To write about the marriage vows … is to pick one’s way through a cultural minefield. Whether wedding vows need rethinking, updating, or, possibly, discarding is now a wide-open question. Having thought, read, and rethought, I concluded – for reasons that this book exists to lay out – that the answer is a solid no. The traditional marriage vows, though they contain phrases composed a thousand or more years ago, are a form of words that say exactly what love still wants to say. 

Vows is a remarkable book, and I hope it gets a wide readership. The defense and, more, celebration of fidelity (Chapter 9) is itself worth the price of admission, and I wonder how many readers will reckon seriously with the case Mendelson makes. More generally, I would be especially interested to hear how people who despise marriage reckon with the book’s arguments. They won’t find Mendelson easy to refute. 

partners

Whenever I hear someone refer to their husband, wife, spouse — even their Significant Other, a phrase from a now-distant past — as their “partner,” I think of something Wendell Berry wrote decades ago: 

Marriage, in what is evidently its most popular version, is now on the one hand an intimate “relationship” involving (ideally) two successful careerists in the same bed, and on the other hand a sort of private political system in which rights and interests must be constantly asserted and defended. Marriage, in other words, has now taken the form of divorce: a prolonged and impassioned negotiation as to how things shall be divided. During their understandably temporary association, the “married” couple will typically consume a large quantity of merchandise and a large portion of each other. 

“Partner” is, in the context of marriage or even long-term cohabitation, an ugly word, connoting as it does a business relationship for mutual profit, ready to be dissolved when the profits aren’t high enough. It should never be used in the context of mutual love.  

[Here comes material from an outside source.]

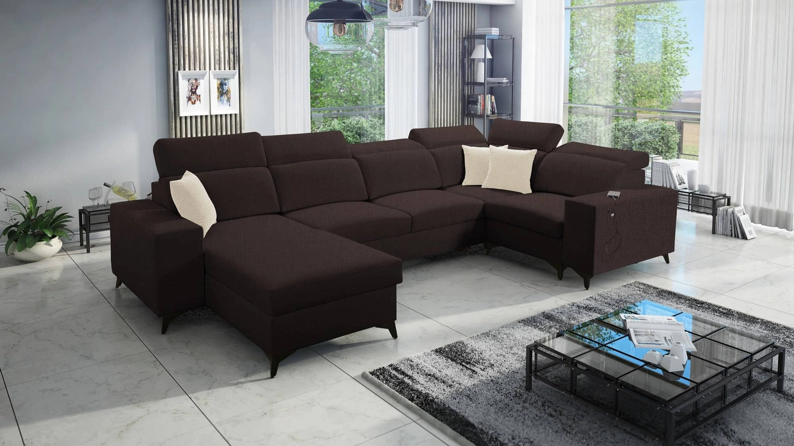 Elegantní rohová pohovka Kelly IV v hnědé barvě s nastavitelnými opěrkami hlavy je receptem na moderní interiér vašeho domova.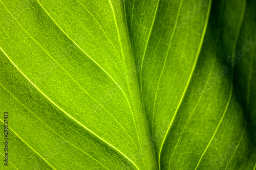 green leaf of the plant with the structure of nutrient vessels, the biochemistry of photosynthesis, processing of carbon dioxide by plants and the release of oxygen, plant respiration, chlorophyll

UPDATE: My friend Andy Crouch has written to me in defense of the word “partner,” suggesting that it “has a wider frame of reference” than I allow, and pointing out that it’s the nearly-universal translation of koinonos in Philemon 17. This is a very good point! I’ll take this under further consideration, but for now, several thoughts:  

  1. The word certainly had a wider referential scope in the past. If you look at the OED you discover that Milton’s Adam says “I stand / Before my Judge, either to undergoe / My self the total Crime, or to accuse / My other self, the partner of my life.” And Robert Southey 150 years later: “So forth I set … And took the partner of my life with me.” 
  2. However, this kind of usage almost completely disappears for nearly two centuries, until it is revived largely by people looking for a word to describe committed gay and lesbian relationships, at a time when such people could not marry. But up until that time, again if the OED is any guide, the business-based meaning had for many decades almost completely displaced all others. 
  3. Thus one could reasonably conclude that the business-based uses of the word have become so dominant that they cast a strong dark shadow over any current use of the word — which is my view. Or recent uses of the term certainly could reasonably be heard as a renewal of older, more richly human meanings — which is Andy’s view.
  4. So the connotative situation is definitely more complex than I acknowledge above. 
  5. The economic overtones of the word would certainly be displaced if one were to follow Milton and Southey in making it a phrase, “the partner of my life,” or, more shortly, “life partner” — but that, I suspect, is a phrasing most people who employ the term wouldn’t want to commit to. 
  6. Finally: I wonder if, given the connotations the word has acquired, “partner” is a good translation of koinonos, or whether an alternative needs to be considered. I notice that the 14th-century Wycliffite version of Philemon 17 has “Therefore if thou has me as a fellow, receive him as me,” which captures the idea of koinonia as a fellowship — but we don’t use “fellow” that way any more. Maybe contemporary English has no real equivalent to koinonos. That would be a situation worthy of our reflection.